What kinds of limitations do you find using a loom that you wouldn’t face if you working a different medium?

I think the main difficulty is the considerable amount of prep and behind-the-scenes work that happens. Actually weaving the piece, the fun part, goes relatively fast. For instance, I had to thread all those threads in the loom first—there’s 3,520 of them, and they all had to go through their own heddles in a particular order! There’s also the process of winding the warp, which can take months. There’s lot of labor that goes into prepping the loom so that you can weave on it. It’s a challenge. I think when people hear about the digital loom there’s an misconception that it’s more similar to 3D printing, where I can push a button and the thing is created.

Despite the challenges, I enjoy working with process-based media and I find there are little moments along the way that keep things exciting and provide constant opportunities to push what I can do with the machine. There’s still a lot to experiment with.

 

Textiles have a long and revered history as religious, illustrative, and decorative handmade objects dating back to 10,000 BC. Though in the 18th century, textiles were considered craft and often undermined as “women’s work.” Artists like Anni Albers, associated with the Bauhaus school of the 1920s, elevated textiles to the realm of fine art with modern, geometric abstractions. What role do you think textiles play in contemporary fine art now? 

I think textiles have been more present within art history than people realize. There have been many waves of contemporary fiber and textile art since the Bauhaus. In the ‘60s and ‘70s these techniques were definitely very hot, and I think it’s interesting to note how that was also the moment when new media art was beginning as well. As with any movements that happen within the art world, there’s an adjustment period, and then it comes back around.

Now seems to be another moment where notions of craft, decoration, pattern, and high and low taste are being reconsidered within contemporary art.  I’m interested in presenting a perspective from an artist who is living through this digital transformation and questioning what that means in the world of textile art.
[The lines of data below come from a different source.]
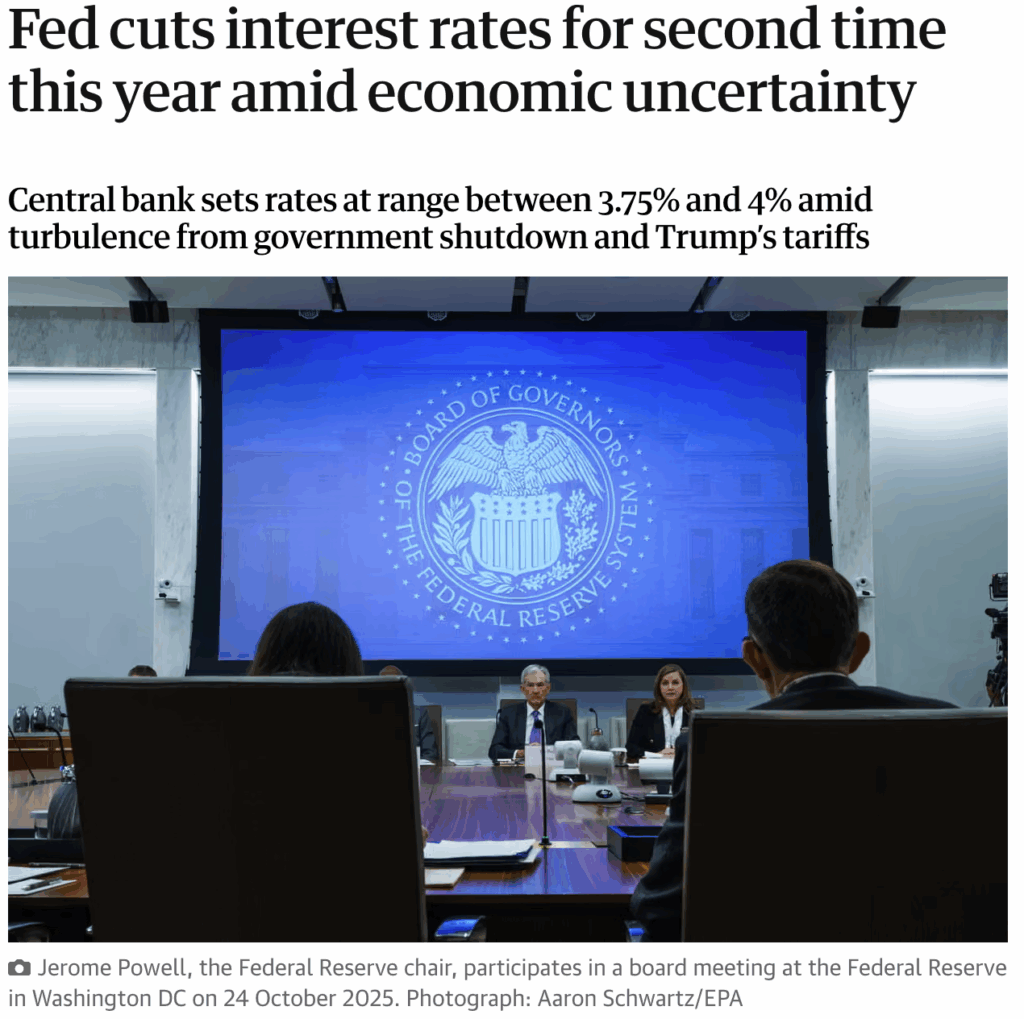 先看大家最关心的利率——10月29号美联储又降了25个基点,这是今年第二轮降息,现在基准利率3.75%-4.00%!其实这点我们前两期市场报告就预判到了,当时就说鲍威尔敢降息,唯一合理的理由就是通胀真的下来了。果不其然,降息后他在发布会就明确表态,这次降息完全是对通胀回落的合理回应,还嘴硬说“不会盲目开启降息周期”,要根据数据灵活调整。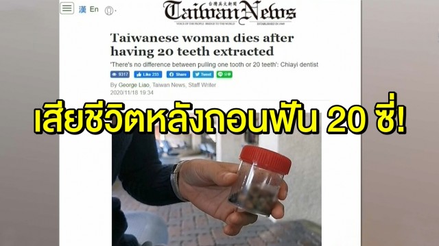 สาวไต้หวันดับ หลังหมอถอนฟันรวดเดียว 20 ซี่ พ่อแม่สงสัยหลังผลชันสูตรไปอีกทาง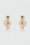 House of Vastraa presents a pair of gold finish dangler earrings studded with kundan polki, red and green synthetic stones, set in mixed metal.

Our virtual lives are consuming a great deal of our being—perhaps at the same time there’s a need more than ever for the tangible and tactile, a desire for something that’s a slower, more physical process, and a place where textiles can fill a niche.

 

Image 1Kang and her work 

 

How do you see yourself and your work in relation to the tradition of textile art, a historically women-dominated field?

While there’s a Western connotation of textiles always being made by women, that’s not actually the case in many countries. For instance, in Turkey, men create much of the textiles.
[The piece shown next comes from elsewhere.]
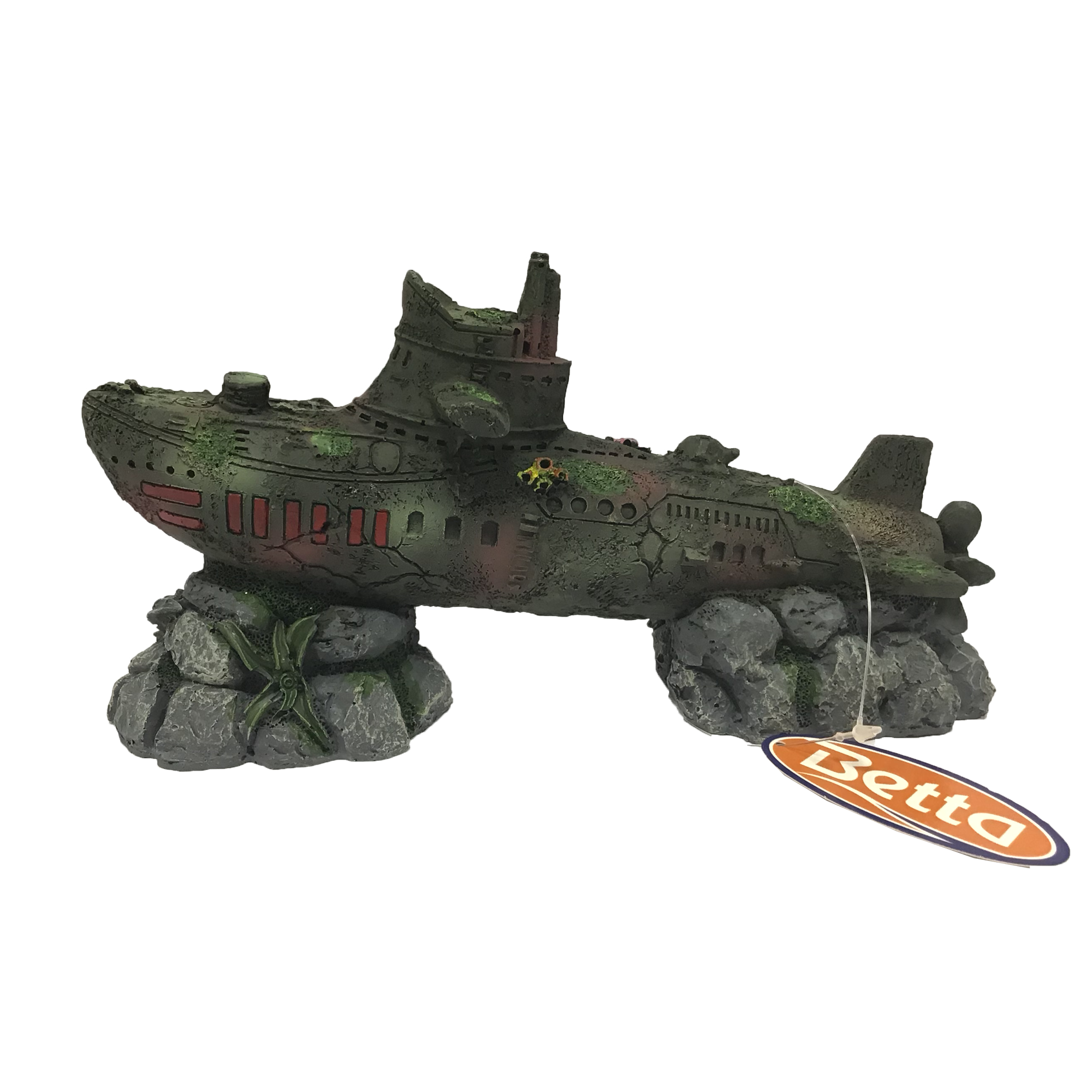 Betta Submarine depicts the wreckage of a wartime vessel. It will look especially good in a small aquarium, placed on some rocks. Approximate dimensions: 26cm (w) x 13cm (h) x 9cm (d).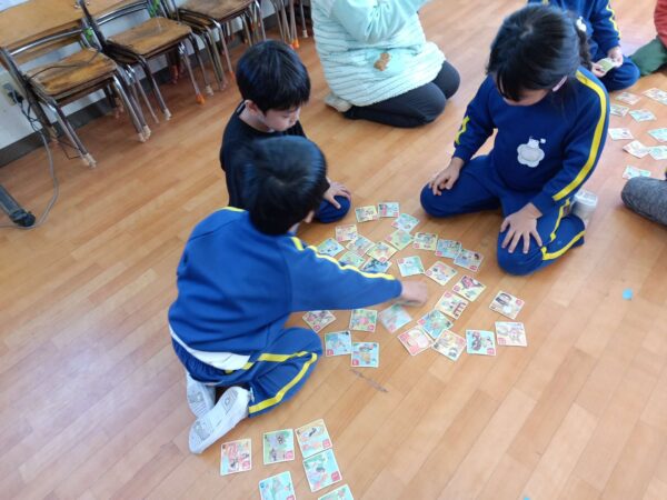 カルタ取りを初めてやったよという子もいれば、いつもやっているよという子も。

Fiber by nature is a very inclusive media, existing in a somewhat "other" space, not being specifically painting or sculpture.  That platform of inclusivity, as well as a carried notion of femininity, creates space for conversations about gender, politics, and identity.  Regardless of what gender background you associate with, approaching the concept of femininity in contemporary art as a conscious tool for what you are talking about can be really interesting and powerful, especially in a time such as now when we’re seeing another wave of gender equality movements. Textiles have a central place in that conversation.

In contradiction to the feminine, I think there’s a largely masculine element to the technological aspects in my work—in the same way as textiles may be associated with women in western ideology, the connotation of the computer world is that it’s predominantly male. This blending of the two is interesting to me.  However, the questions I’m most concerned with asking in my work have to do with process, history, memory, and the ghosts in the machine, though the associations with the materials will naturally be present. 

 

What are some upcoming shows or projects you’re working on now?
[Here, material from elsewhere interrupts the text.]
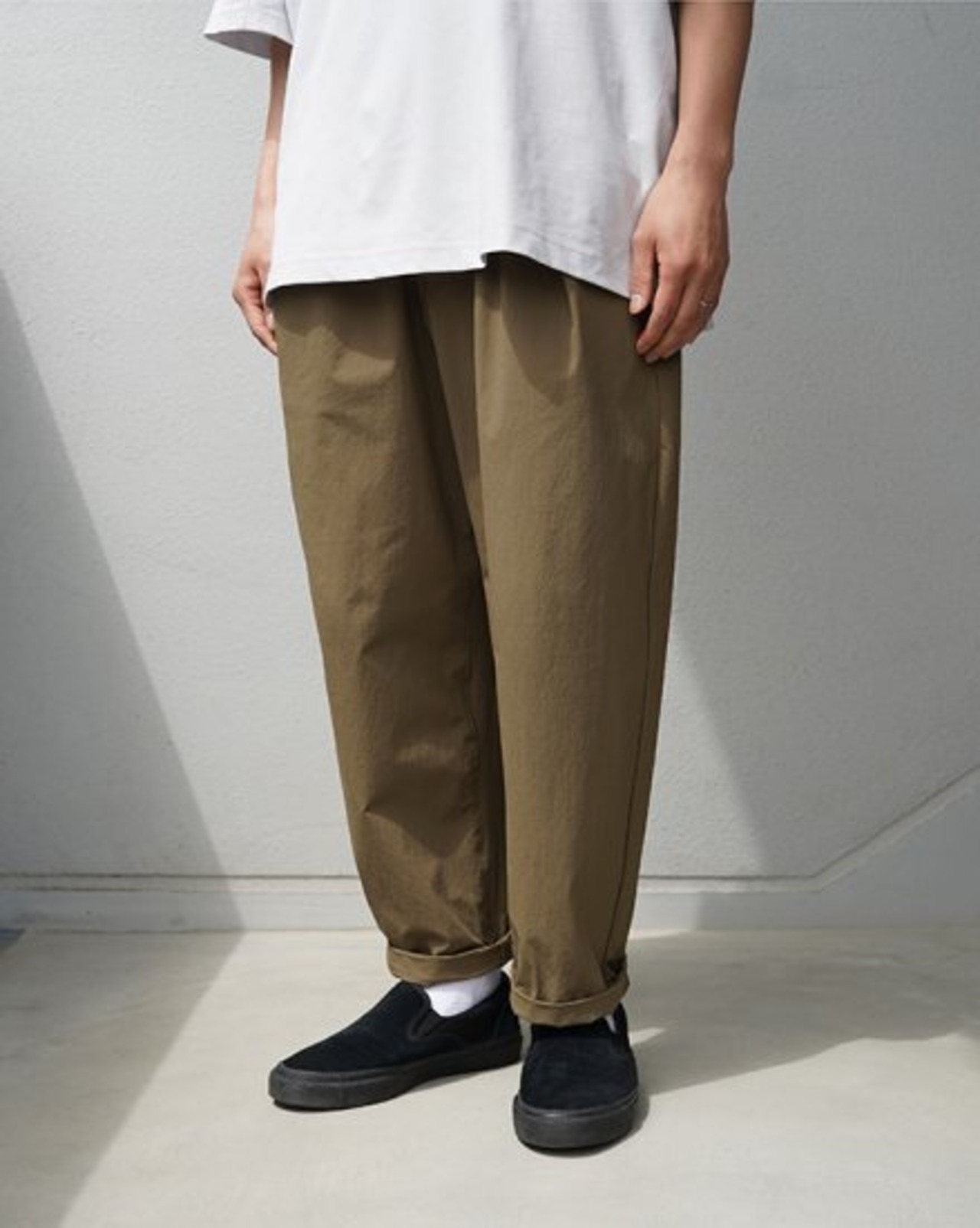 深めに入ったフロントタックが生みだすテーパードシルエットが特徴的なデザイン。

It has been an amazing summer. Two fantastic shows just came down: "Common Threads" at Danese/Corey and the Queens Museum’s Biennial show, “Queens International.”  Upcoming fall shows include “Escape Routes" at the John Michael Kohler Arts Center,  two shows with Mathilde Hatzenbereger Gallery, one in Brussels and also Salon Zürcher in Paris, and my first solo show in New York at Outlet in Brooklyn, opening on October 7th, 2016.